Supplied records:
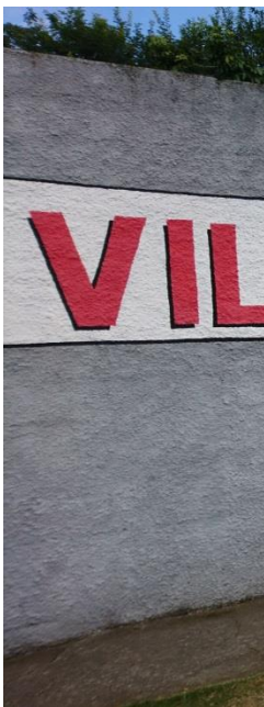
Chegada aparelhos e do
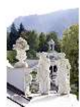
Lin.I, Hauptfassade, Blick vom Dach auf den Venustempel, DI006082, BSV
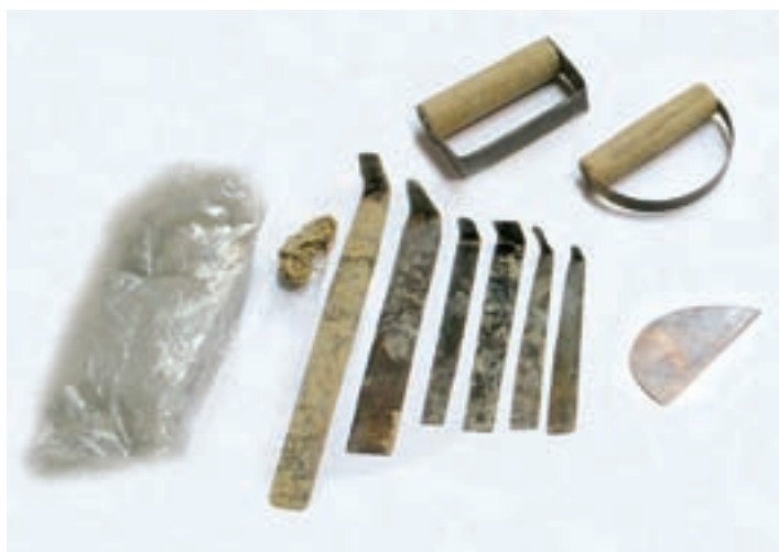
شکل ۴-۵ - ابزار و وسایل شکل دهی بدنه ی گلی

۲- ابزار و وسایل شکل دهی بدنه: چرخ سفالگری (پایی یا برقی)، میز کار، ورقه های فلزی شکل دهنده، تراش دهنده و سایر ابزار جانبی مانند کاردک، اسفنج، سوزن (یا درفش)، مفتول سیمی، وردنه و ورقه یا کیسه ی نایلون از جمله ابزار و وسایل شکل دهی بدنه سفال می باشند (شکل ۴-۵).
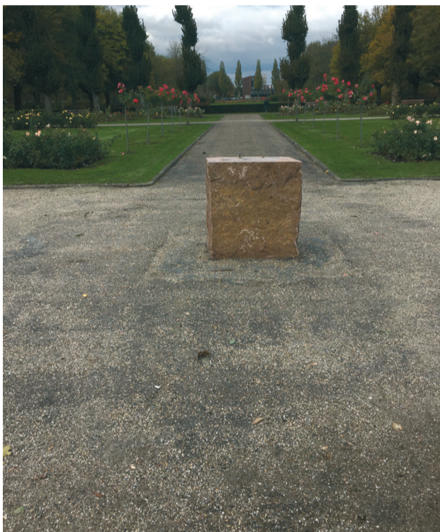
4. Beeld is ook in onderhoud, maar dat kon niet ter plaatse.
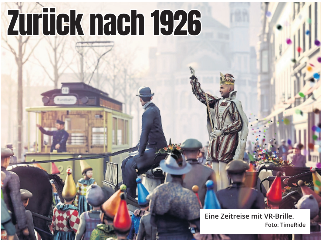
Eine Zeitreise mit VR-Brille.

Kölsche Tön schallen durch die Altstadt, die Pandemie ist überstanden. Der Karneval ist zurück und damit auch das kölsche Jefeühl. Was klingt wie eine Geschichte aus der nahen Zukunft liegt bereits knapp 100 Jahre zurück. In den Goldenen Zwanzigern herrschte eine Aufbruchstimmung in Köln, die lange vermisst wurde. Am Alter Markt kann diese emotionale Zeit im TimeRide nacherlebt werden. Die Zeitreise startet mit einem kurzen Erklärfilm im eigens eingerichteten „Schauspielhaus“. Historische Originalaufnahmen zeigen den Karneval im Jahr 1914, bevor der Erste Weltkrieg, die Besetzung der Briten und die Spanische Grippe das jecke Treiben lange nicht zuließen. Mit dem Abzug der Briten 1926 erwachte die kölsche Seele wieder und zum ersten Mal seit zwölf Jahren war der Karneval zurück in Köln. Anhand des kölschen Bahnfahrers Pitter und der le-
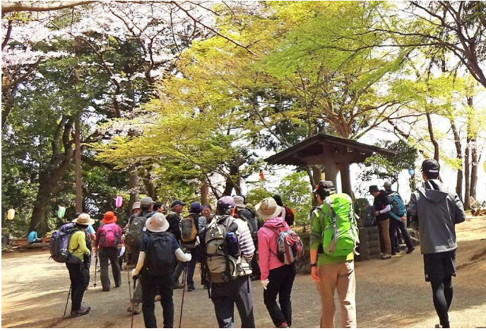
丹沢表尾根、三ノ塔、二ノ塔、岳ノ台、大山の稜線
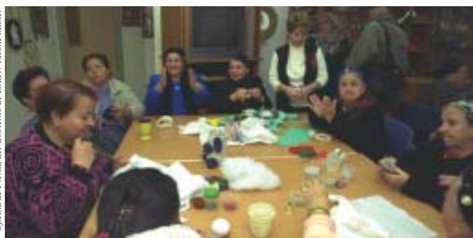
Mujeres en un Centro para ciudadanos mayores en el pueblo de Shlomi
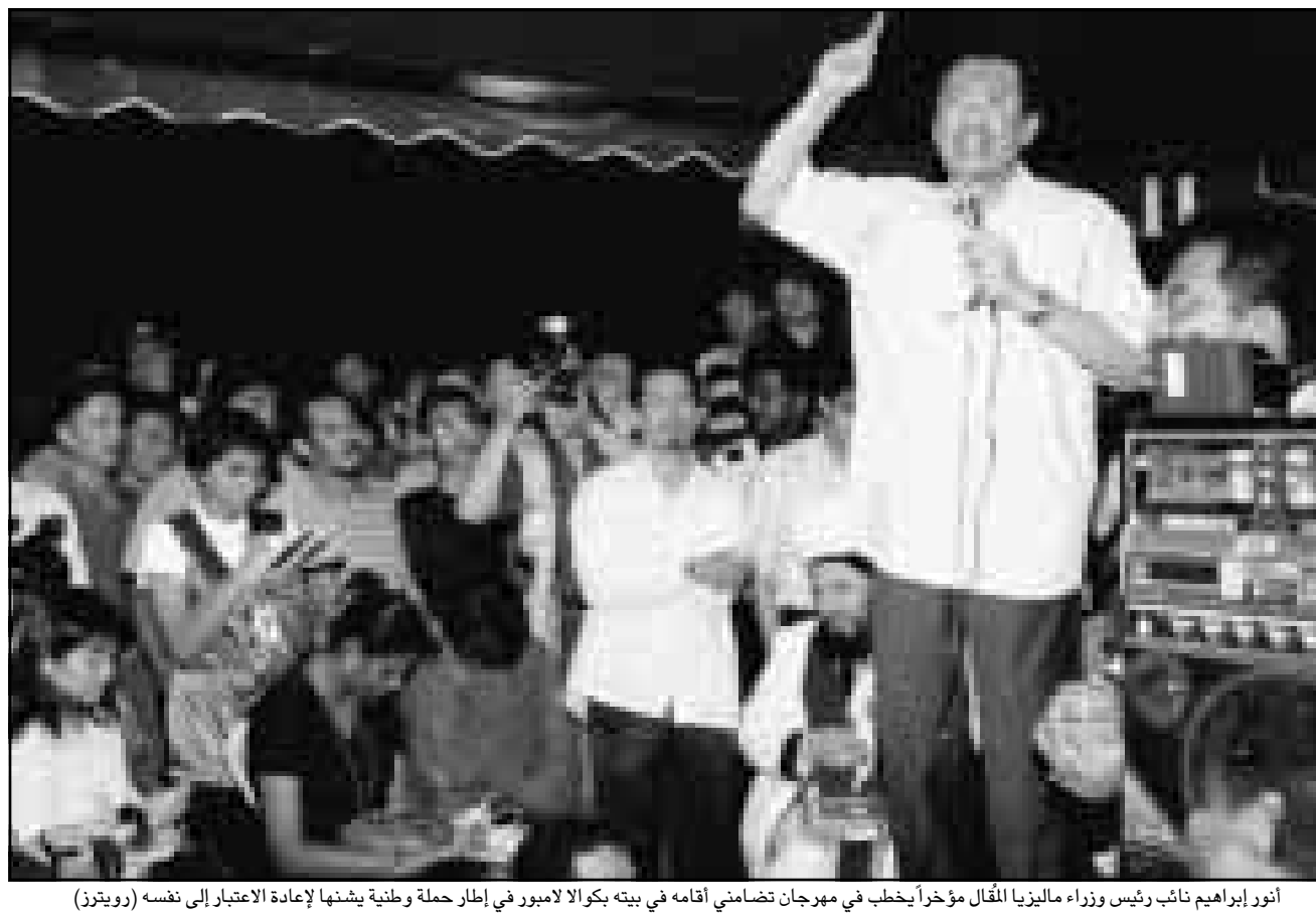
انور ابراهيم نائب رئيس وزراء ماليزيا المقل مؤخرا يخطف في مهرجان تضامني اقامه في بيته بكمالابامور في إطار حملة وطنية يشنها لإعادة الانتخاب إلى نفسه
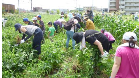
平成28年7月18日(土) 第8回夏野菜旬採り合戦

も変わってきていますが、東京市場に隣接した立地環境を活かし、付加価値の高い農業経営を積極的に推進することが必要かと思えます。今後とも、八潮市の農業振興のため、会員の皆様のご協力をいただきながら、都市農業の発展を推進してまいりたいと思えます。
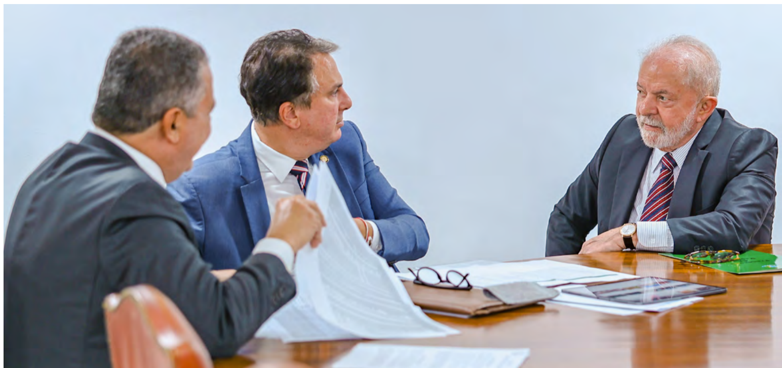
Presidente Lula se reúne com o ministro da Educação, Camilo Santana (centro), e o chefe da Casa Civil, Rui Costa

Task objective: In the data above, find the line containing "Lin.I, Hauptfassade, Blick" and the line containing "Eine Zeitreise mit VR-Brille.". Copy exactly the stretch from the first through the second, both included, leaving out any picture.

Result for this task:
Lin.I, Hauptfassade, Blick vom Dach auf den Venustempel, DI006082, BSV
شکل ۴-۵ - ابزار و وسایل شکل دهی بدنه ی گلی

۲- ابزار و وسایل شکل دهی بدنه: چرخ سفالگری (پایی یا برقی)، میز کار، ورقه های فلزی شکل دهنده، تراش دهنده و سایر ابزار جانبی مانند کاردک، اسفنج، سوزن (یا درفش)، مفتول سیمی، وردنه و ورقه یا کیسه ی نایلون از جمله ابزار و وسایل شکل دهی بدنه سفال می باشند (شکل ۴-۵).
4. Beeld is ook in onderhoud, maar dat kon niet ter plaatse.
Eine Zeitreise mit VR-Brille.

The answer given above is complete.